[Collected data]

━━━━━━━━━━━━━━━━

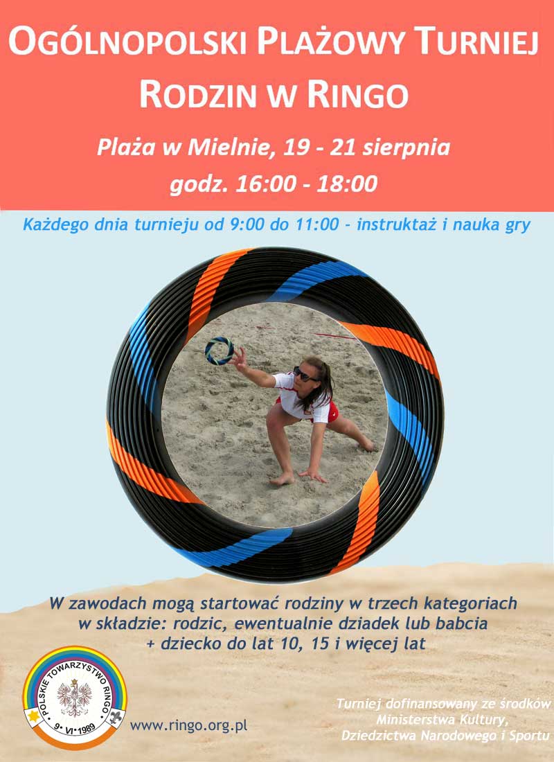 Zapraszamy rodziny do startu w Plażowym Turnieju Rodzin w Ringo, zawody odbędą się w dniach 19 - 21 sierpnia 2021r. na plaży w Mielnie w godz. 16: 00 - 18: 00. Każdego dnia turnieju od 9:00 do 11:00 - instruktaż i nauka gry. W zawodach mogą startować rodziny w składzie: rodzic, ewentualnie dziadek lub babcia + dziecko do lat 10, 15 i więcej lat.
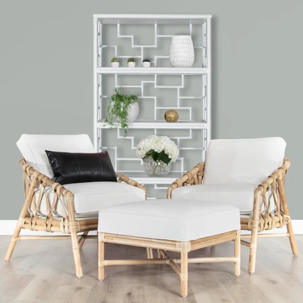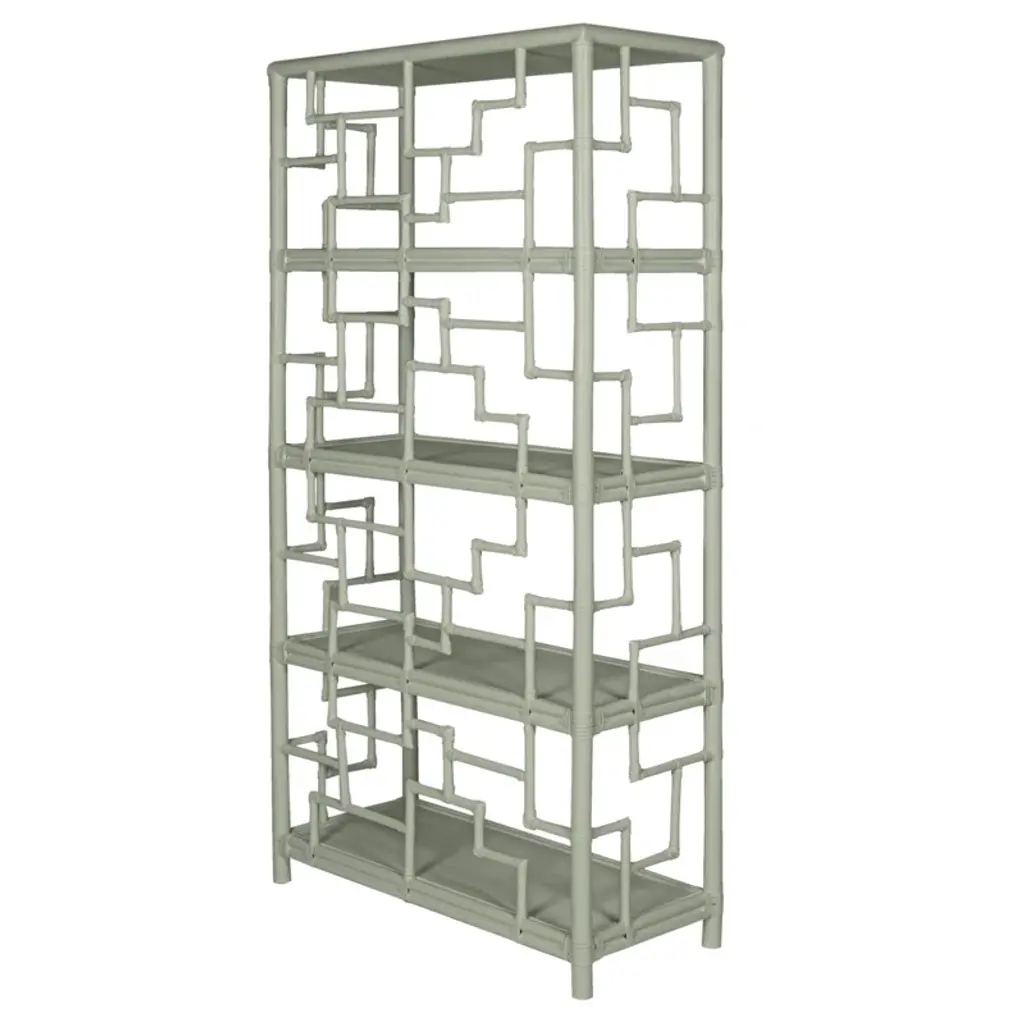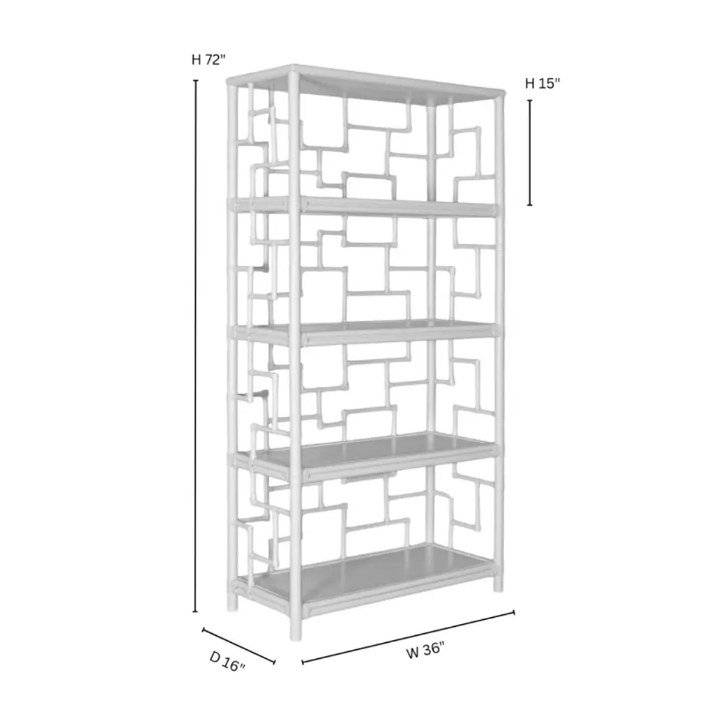 A modern take on classic rattan styling, this etagere bookshelf flaunts a rattan frame with impressive fretwork and rawhide wrapped joints for added style and support. This etagere bookshelf features four wood shelves to provide space for decorative accessories, photos or a library of your favorite novels. This etagere bookshelf will instantly add character and charm to any indoor space such as a living room, office, bedroom or hallway. Each etagere bookshelf is hand-finished to order just for you!
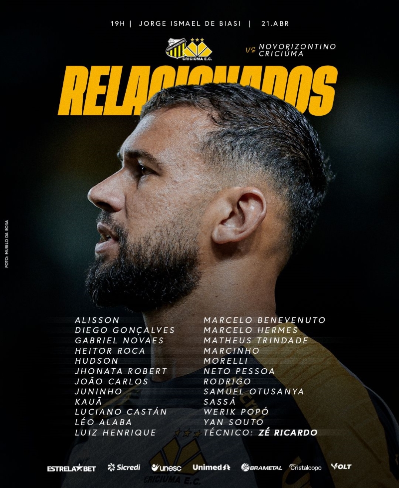 Confira abaixo os atletas carvoeiros relacionados para o jogo.
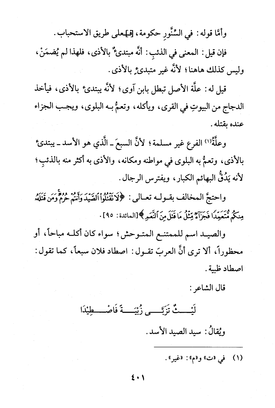 وعلة الفرع غير مسلمة؛ لأن السبع -الذي هو الأسد- يبتدئ بالأذى، وتعم به البلوى في مواطنه ومكانه، والأذى به أكثر منه بالذئب؛ لأنه يدق البهائم الكبار، ويفترس الرجال.
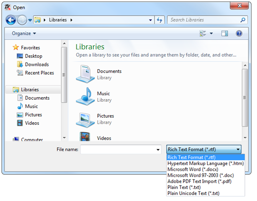 缺省状态下Load和Save方法会显示所有Text Control支持的文件类型,如果你只希望显示特定的文件类型,你可以指定将被显示的文件类型参数,Text Control支持的文件类型可以通过StreamType取得。例如,只需要显示HTML和RTF类型的文件时,可以通过以下代码来实现:
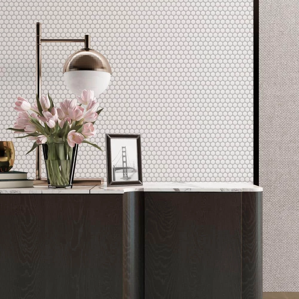 Give any room a patterned, finished look with the classic simplicity of ReZone. The clean lines of this all white mosaic add a sense of calm and order in a range of applications. It has a upscale look.
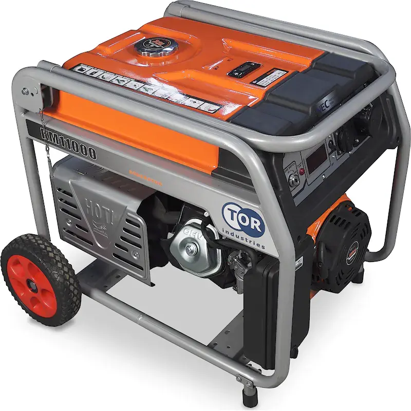 Генератор бензиновый TOR KM11000H 8 кВт 220В 33 л. с кнопкой запуска и колесами эта мощная модель может снабжать электроэнергией несколько потребителей одновременно либо одного, но с высокими пусковыми токами.
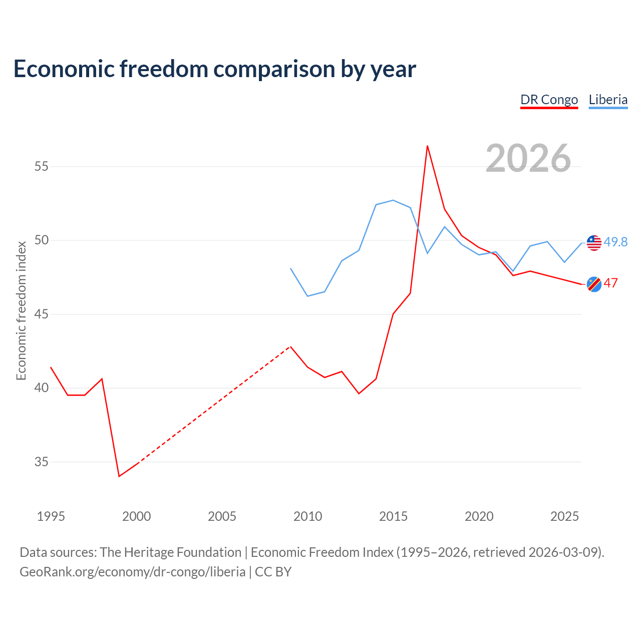 The Economic Freedom Index for the DR Congo is 47, ranking 176/197, compared to 49.8 for Liberia, ranking 163/197. The chart above displays a comparison of annual changes in economic freedom indexes.
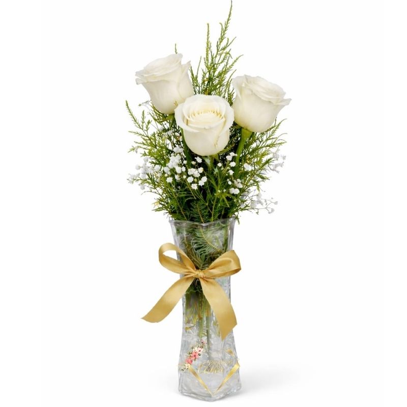 Florero con 3 Rosas Blancas
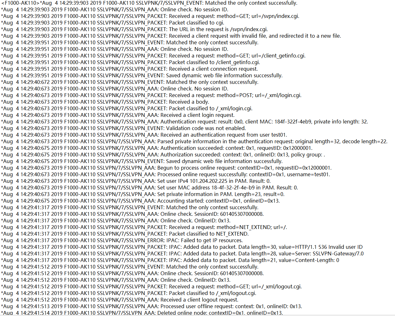 防火墙错误提示:*Aug 4 14:40:01:541 2019 F1000-AK110 SSLVPNK/7/SSLVPN_ERROR: IPAC: Failed to get IP resources.

━━━━━━━━━━━━━━━━

■ **The problem**
Look above for the line with "Confira abaixo os" and the line with "وعلة الفرع غير", then copy exactly the lines from the first through the second, both kept, with no pictures.

■ **Result of the exercise**
 Confira abaixo os atletas carvoeiros relacionados para o jogo.
 وعلة الفرع غير مسلمة؛ لأن السبع -الذي هو الأسد- يبتدئ بالأذى، وتعم به البلوى في مواطنه ومكانه، والأذى به أكثر منه بالذئب؛ لأنه يدق البهائم الكبار، ويفترس الرجال.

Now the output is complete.